2. Sustainable and green buildings
In recent years, many major U.S. companies have committed to reducing their carbon footprint, and 2024 could be the tipping point for investing in sustainable buildings. CRE investors who prioritize green building practices and tech that can track a building’s energy output are poised to have a competitive advantage.
3. Smart building technology
Smart building tech is increasingly popular. From keyless door lock systems to smart thermostats, CRE tenants expect modern features. Commercial real estate owners and property managers who provide them can take a more hands-off approach.
Regulatory and policy changes
Of course, regulations and policies can also help shape the commercial real estate market.
1. Zoning laws and regulations
The country’s lack of affordable housing is often attributed to restrictive zoning. Cities that restrict multifamily buildings, for instance, can be a barrier for developers.
However, many jurisdictions recognize the problem and are advancing policy solutions, such as subsidizing office-to-apartment conversions or loosening zoning restrictions.
2. Tax incentives and deductions
Real estate remains one of the most tax-advantaged asset classes in the U.S. Property owners can defer capital gains taxes with 1031 exchanges, deduct property expenses and depreciation, and participate in various incentive programs.
For example, developers who invest in designated Opportunity Zones can reduce some or all of their capital gains taxes to increase overall profitability.
Commercial real estate challenges
While CRE can be an attractive investment, there are some commercial real estate challenges:
- Maturing CRE debt: The $929 billion in commercial real estate debt coming due this year amid elevated interest rates is putting pressure on property owners. Many may be forced to sell or refinance at a loss.

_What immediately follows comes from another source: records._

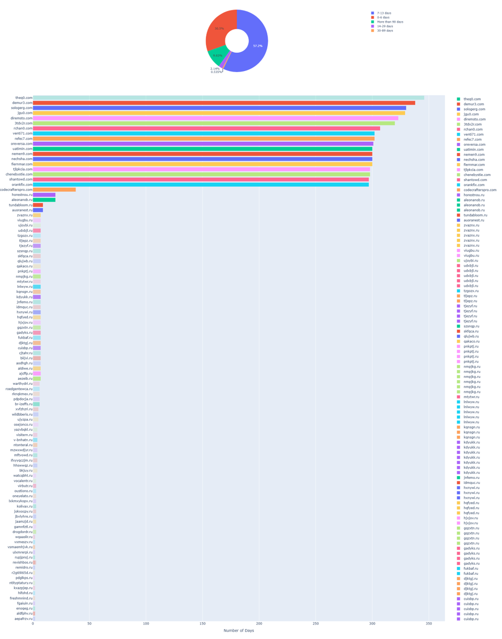 For Tycoon 2FA, the average time from domain creation to first appearance in CTI is 35 days. While the dataset analyzed for Tycoon is significantly larger than that of Sneaky 2FA, an important factor influencing the average, it is notable that the longest period a Tycoon domain went unflagged in threat intelligence was just over 300 days, compared to more than 3,000 days in the Sneaky 2FA analysis. Additionally, only 9.63% of Tycoon IOCs were first observed in CTI more than 90 days after creation, compared to 32.4% in the previous Sneaky 2FA analysis. (Figure 7)
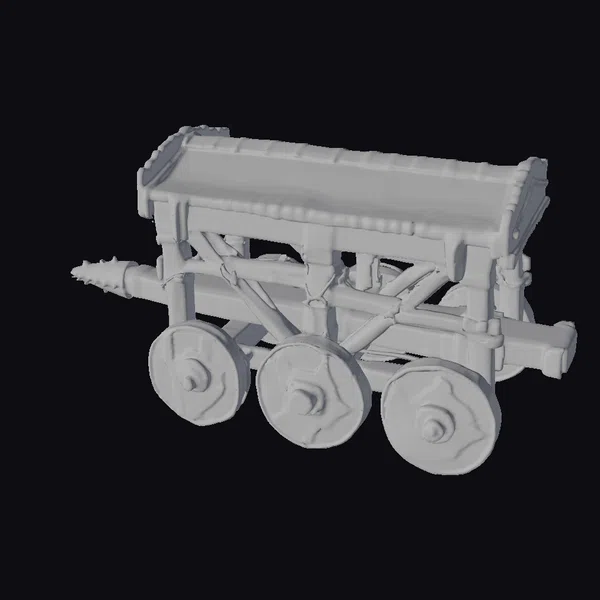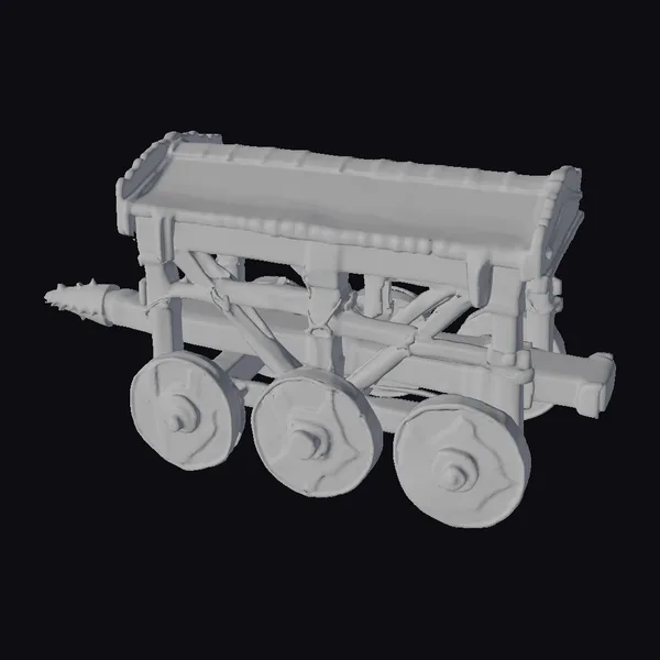 Positioned dynamically, the battering ram showcases its intricate details: the wooden beams are weathered to perfection, with metal bands and rivets adding a touch of industrial might. The spiked ram head gleams with a menacing intensity, suggesting the ferocity of medieval sieges. The three wheels, complete with wooden spokes and metal rims, are poised for action, as if ready to breach ancient fortress walls. This model is perfect for game developers, animators, and designers seeking to add a touch of historical authenticity to their projects, whether in games, animations, or architectural visualizations.
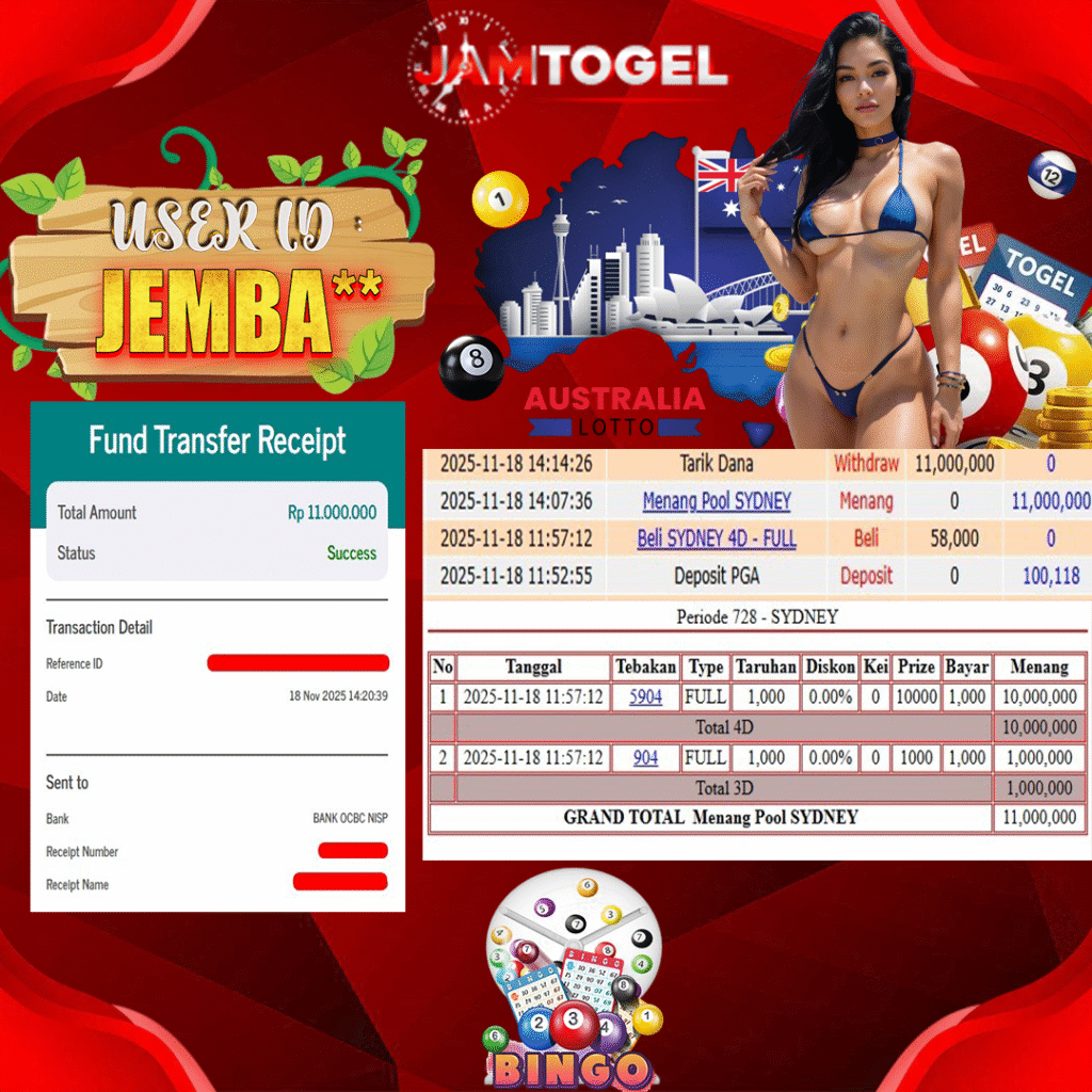 Selamat kepada member setia JAMTOGEL ID JEMBA** Telah menang dalam permainan SYDNEY RP 11,000,000, – LUNAS langsung mendarat ke rekening tanpa bertele – tele atau syarat apapun. Kami ucapkan terimakasih telah mempercayakan JAMTOGEL sebagai situs bandar terpercaya yang dijamin aman dikarenakan berapapun kemenangan member pasti LUNAS!
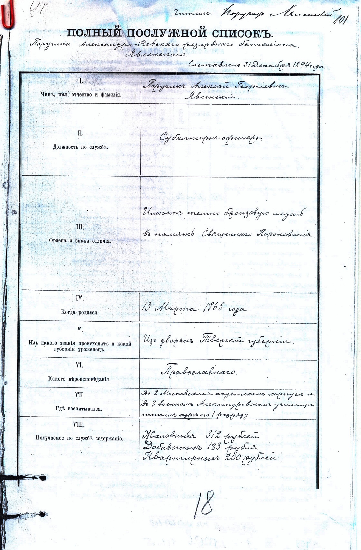 (*) Дата рождения указана по данным Послужного списка А. Г. Явленского. В западноевропейской литературе датой рождения А. Г. Явленского принято считать 26 марта 1864 года – эту дату он указал при регистрации в Мюнхене в 1896 году и далее указывал во всех документах в Европе.
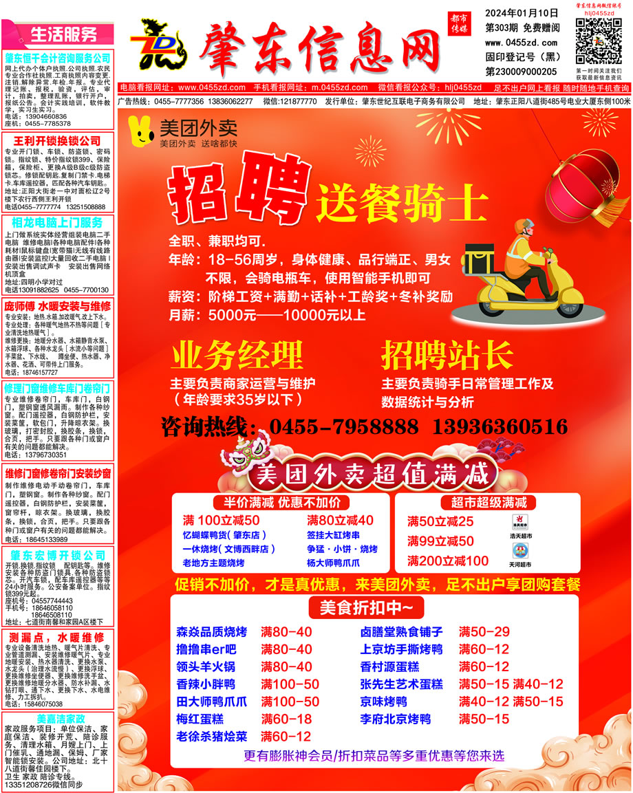 肇東信息網(wǎng)DM報紙2024年1月10日第303期

- Rise of remote work: Remote and hybrid work are here to stay, leading to increased office vacancies.
- AI boom: Recent advancements in generative AI have shifted demand from some real estate types to data centers.

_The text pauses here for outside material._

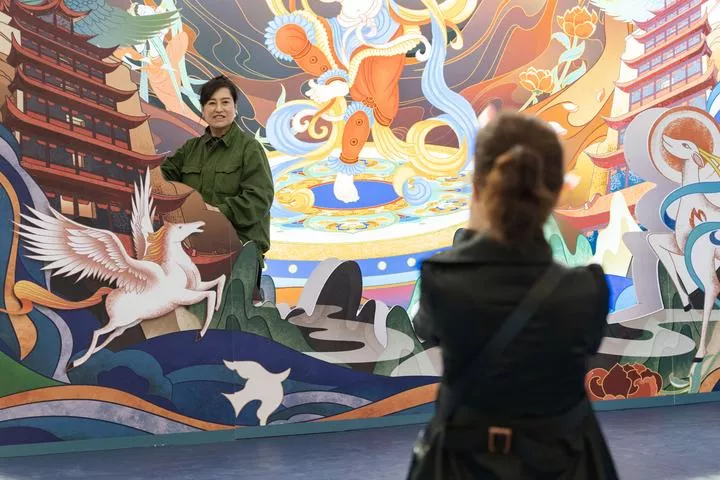 چین ، شمال مشرقی صوبہ حئی لونگ جیانگ کے شہر ہاربن میں منعقدہ شمال مشرقی ایشیا فنون و ڈیزائن نمائش میں ایک سیاح کا تصویر کے لئے انداز۔ (شِنہوا)
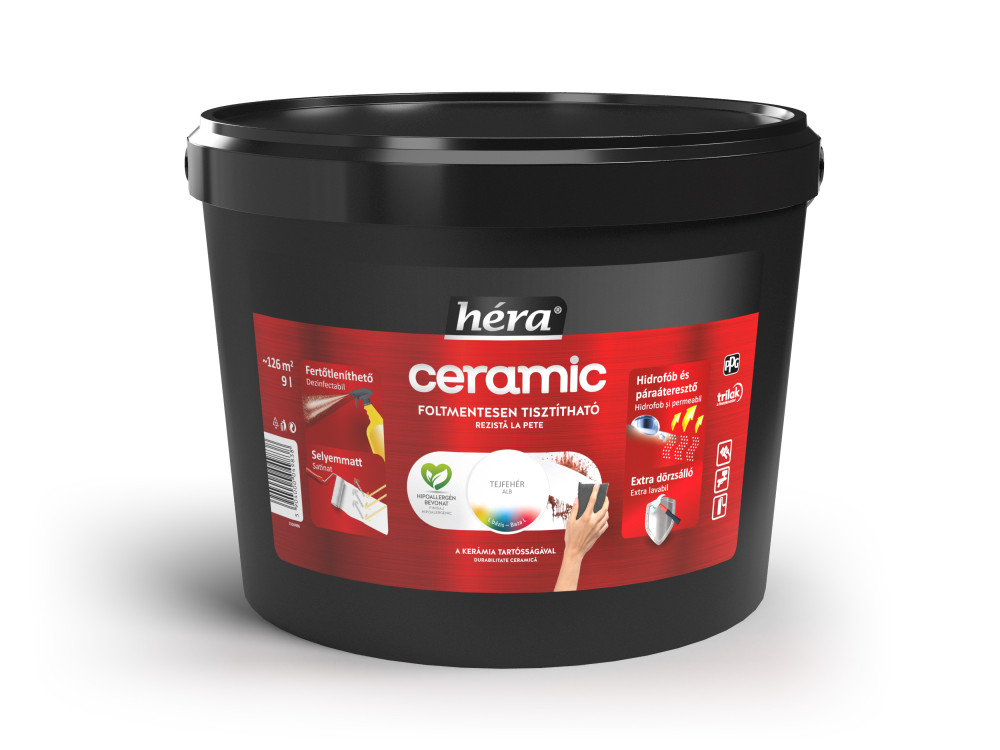 A Héra Ceramic speciális mikrokerámia-gyöngy tartalmának köszönhetően a legellenállóbb Héra beltéri falfesték. A kerámia technológia kimagasló mosás- és dörzsállóságot biztosít a felületnek, így téve azt foltmentesen tisztíthatóvá és fertőtleníthetővé. A Héra Ceramic falfesték hidrofób alkotórészei révén vízlepergető bevonatot képez, miközben innovatív kötőanyag szerkezete kiváló páraáteresztő tulajdonságot biztosít. A hipoallergén, selyemmatt felület exkluzív színmegjelenést kölcsönöz otthonának.

- Natural disasters: Property insurance costs are up due to the growing frequency of natural disasters, especially in coastal commercial real estate markets like Florida and California. According to Deloitte, the average monthly insurance cost for a U.S. commercial building could increase from $2,726 in 2023 to $4,890 in 2030, registering an 8.7% compound annual growth rate (CAGR).

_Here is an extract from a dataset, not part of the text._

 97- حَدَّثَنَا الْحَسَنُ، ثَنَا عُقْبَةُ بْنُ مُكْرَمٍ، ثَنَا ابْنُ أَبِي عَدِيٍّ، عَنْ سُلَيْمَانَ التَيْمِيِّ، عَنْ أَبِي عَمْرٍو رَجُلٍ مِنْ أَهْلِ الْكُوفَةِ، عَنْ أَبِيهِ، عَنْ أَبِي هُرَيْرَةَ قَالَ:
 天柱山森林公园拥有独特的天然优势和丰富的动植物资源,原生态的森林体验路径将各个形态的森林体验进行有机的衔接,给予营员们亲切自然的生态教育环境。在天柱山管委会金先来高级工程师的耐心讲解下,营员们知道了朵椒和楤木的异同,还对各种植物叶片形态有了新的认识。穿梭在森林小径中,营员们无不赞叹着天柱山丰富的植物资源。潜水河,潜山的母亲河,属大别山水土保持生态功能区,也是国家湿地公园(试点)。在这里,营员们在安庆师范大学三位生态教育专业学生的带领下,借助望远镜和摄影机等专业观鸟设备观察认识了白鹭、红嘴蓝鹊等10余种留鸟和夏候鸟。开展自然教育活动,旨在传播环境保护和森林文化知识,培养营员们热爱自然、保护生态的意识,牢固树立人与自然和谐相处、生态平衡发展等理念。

CRE investment strategies and opportunities
Despite the challenges, CRE still holds many opportunities and winning real estate strategies:
1. Emerging markets and locations
One way for CRE investors to increase their potential returns is to focus on emerging commercial real estate markets. According to Emerging Trends in Real Estate surveys compiled by Nelson Economics, the Sun Belt markets, including Miami, Atlanta, Dallas/Fort Worth, Houston, and Phoenix, are expected to grow in 2024.
2. Diversification strategies
As any wise investor knows, it’s best not to put all your eggs in one basket. To minimize potential losses, consider diversifying your CRE portfolio across property type, market, project type (development vs. acquisition), and investment structure (e.g. limited vs. general partnership).
3. Risk management
Other ways to minimize investment risk include conducting thorough due diligence, carefully screening tenants, actively monitoring properties, securing adequate insurance coverage, avoiding over-leveraged positions, preparing multiple exit strategies, and regularly reviewing your portfolio performance. This is called commercial real estate risk management.
Conclusion
2024 isn’t over yet. Savvy investors can still take advantage of current commercial real estate trends by focusing on the industry’s thriving sectors, responding well to its economic and market drivers, leveraging the latest tech, and complying with recent regulations and policy changes.